For each function you should write pre- and post-conditions, design the function as a black box (you don't have to turn in the black box), define a prototype, write a stub, and, once the program compiles successfully with each stub, fill in the function definitions (one at a time).

Include files

Assumptions and Restrictions

The main function should call getYesOrNo only as long as the player's balance is greater than 0 (once the player's balance goes to 0, the player is not allowed to continue).

Sample Execution

Balance = $1000.00
Enter wager:  100
Player rolled 5 + 6 = 11
Player wins

Balance = $1100.00
Do you want to play another game?  (y or n):  y
Enter wager:  1500
Your wager must not exceed your current balance.
Enter a new wager:  900
Player rolled 3 + 1 = 4
Point is 4
Player rolled 4 + 5 = 9
Player rolled 5 + 5 = 10
Player rolled 5 + 6 = 11
Player rolled 3 + 3 = 6
Player rolled 3 + 5 = 8
Player rolled 6 + 2 = 8
Player rolled 1 + 5 = 6
Player rolled 3 + 5 = 8
Player rolled 5 + 6 = 11
Player rolled 3 + 1 = 4
Player wins

Balance = $2000.00
Do you want to play another game?  (y or n):  q
You must answer y or n.
Do you want to play another game?  (y or n):  y
Enter wager:  2000
Player rolled 6 + 5 = 11
Player wins

Balance = $4000.00
Do you want to play another game?  (y or n):  n

Your final balance is $4000.00

A note about mixed numeric and character input

This program will require a deeper understanding of how C does keyboard input.
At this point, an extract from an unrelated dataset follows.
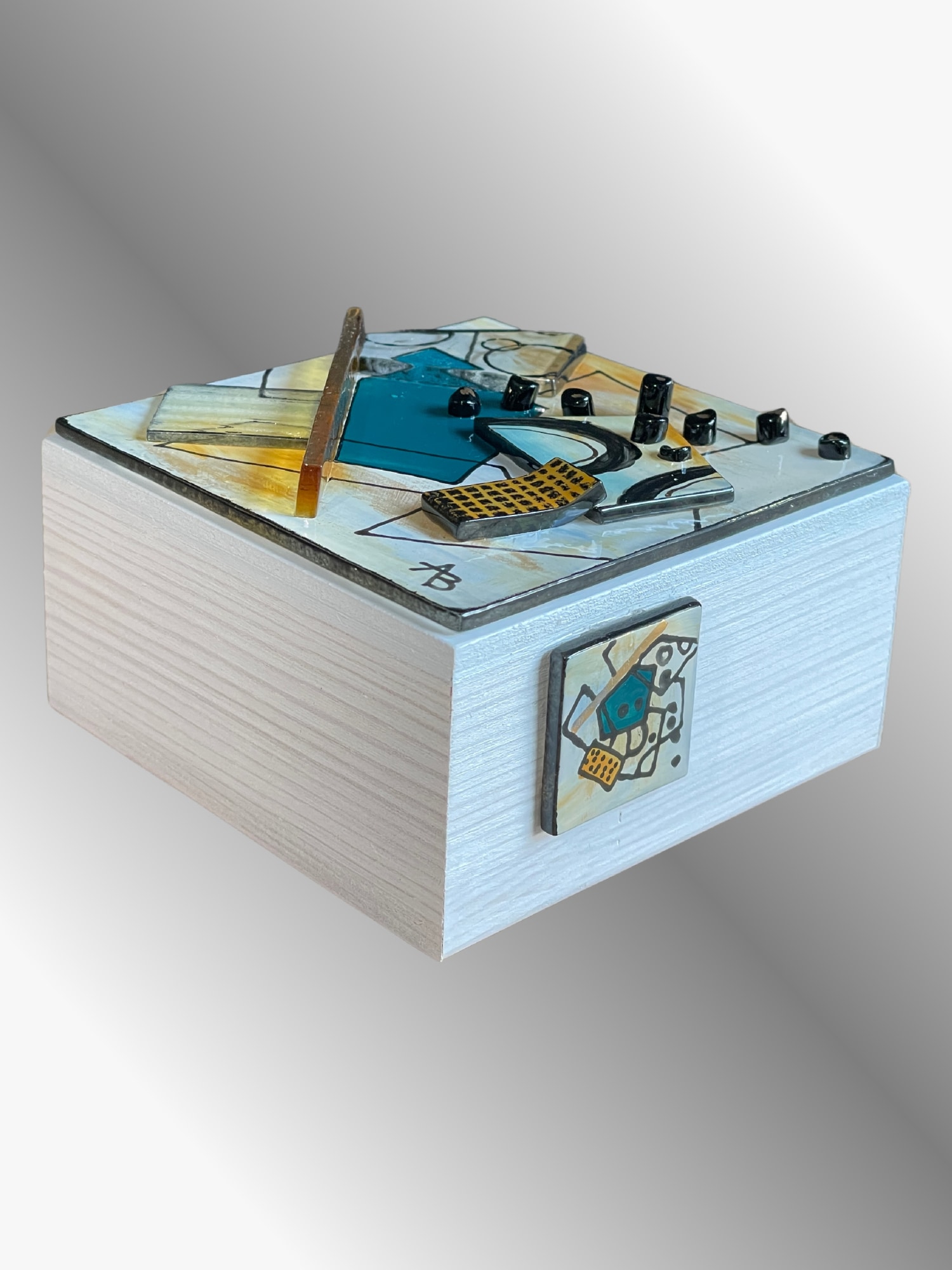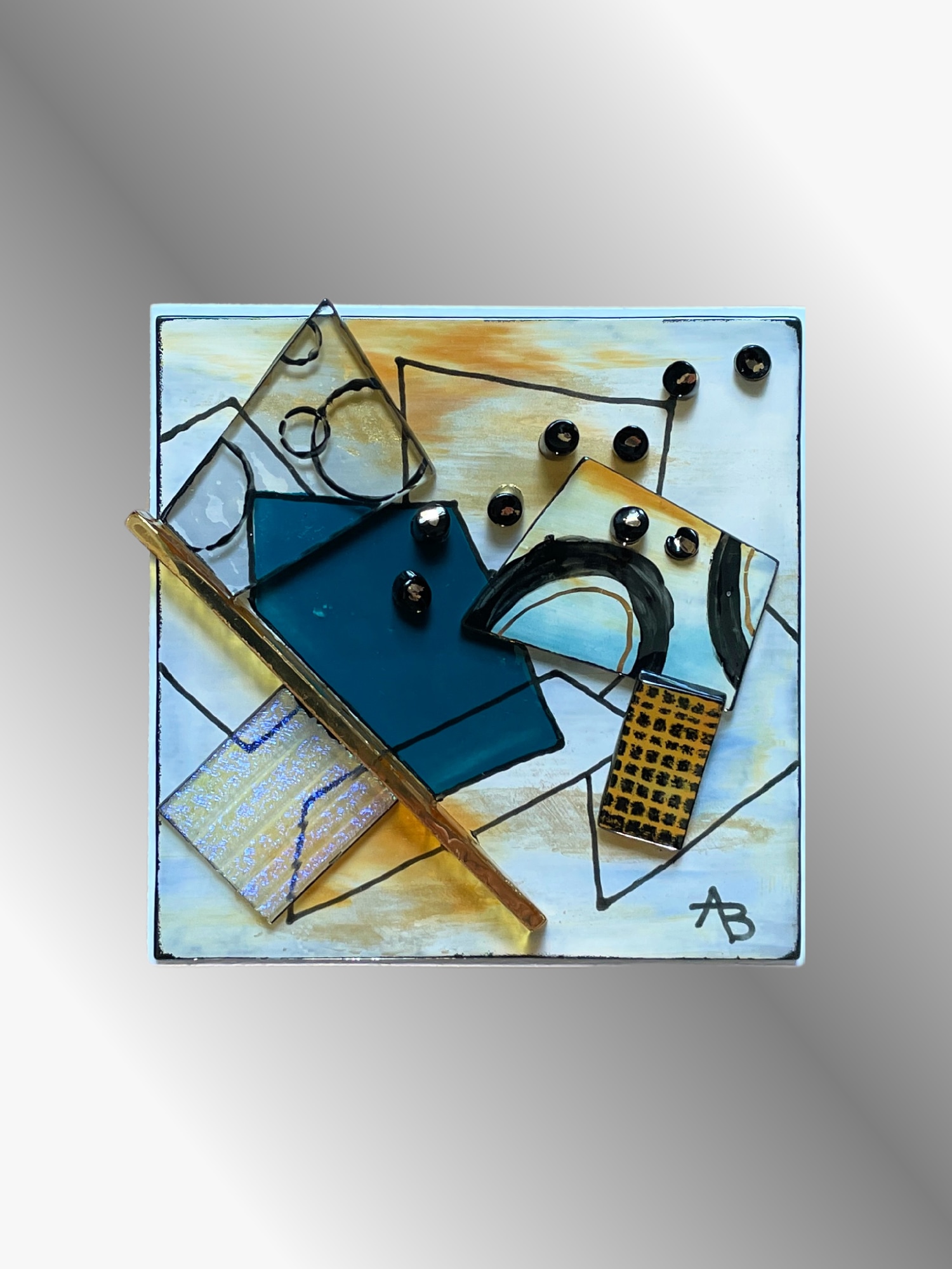 Prepare to be enchanted by "Vortex," a captivating abstract marvel crafted from fused glass. This intricate composition merges a mixed media vibe on a flat base, with shapes and textures coalescing in a seemingly haphazard yet perfectly balanced symphony. The pièce de résistance is a transparent amber glass stip on end slicing diagonally across the piece, infusing dramatic flair. Black dots and appear sporadically, adding playful movement and depth. This modern masterpiece exudes thoughtfully orchestrated chaos, inviting viewers to lose themselves in its mesmerizing balance. Creating "Vortex" involved layering multiple designs of fused glass, each layer painted with special enamels for kiln-formed glass. Imagine amber transparent glass standing tall, crowned with golden paint—pure magic. Meticulously crafted yet whimsically playful, "Vortex" is an irresistible addition to any art collection. Let its swirling charm whisk you away!

When reading in single characters (like y or n) it is usually easier to use the C function getchar instead of using scanf. getchar returns the next single character from the input stream. Look at the Sample Execution above. You would use a printf statement to output the prompt, "Do you want to play another game? (y or n): ". Now think of what the user types in response...not the single character y, but two characters, y and the ENTER key (the C constant '\n'). You can read in the y with the statement
  ch = getchar();
That still leaves the newline character in the input buffer. This becomes a problem if the user had typed in an invalid response like q instead of y or n, because the next time you try to use getchar to read in a valid response it will read in the newline, not the user's new input value. Similar problems are encountered if you use getchar after reading in a numeric value; scanf reads in the characters for the numeric value, and leaves the next character to be read (the newline character) still in the input buffer. A quick way to fix this problem is to follow each input statement with the loop:
  while (getchar() != '\n');
(Notice the placement of the semi-colon. The loop body is empty.) This loop essentially reads the rest of the characters on the line, and ignores them, until it reaches the end of the line. The next time your program executes an input statement (either scanf or getchar) it will get the input from the next line typed by the user. You may find getYesOrNo the most difficult function to write for this assignment. I suggest you get everything else working in your program first, then add the code that relies on getYesOrNo.


Write a short text file called README that summarizes your program, how to run it, and detailing any assumptions and any problems you had. From your Linux account, submit your C source code file and your README file using the following turnin command:

/cs/bin/turnin submit cs2301 PROJECT2 craps.c README

Programs submitted after 5pm on November 9 will be tagged as late, and will be subject to the late homework policy.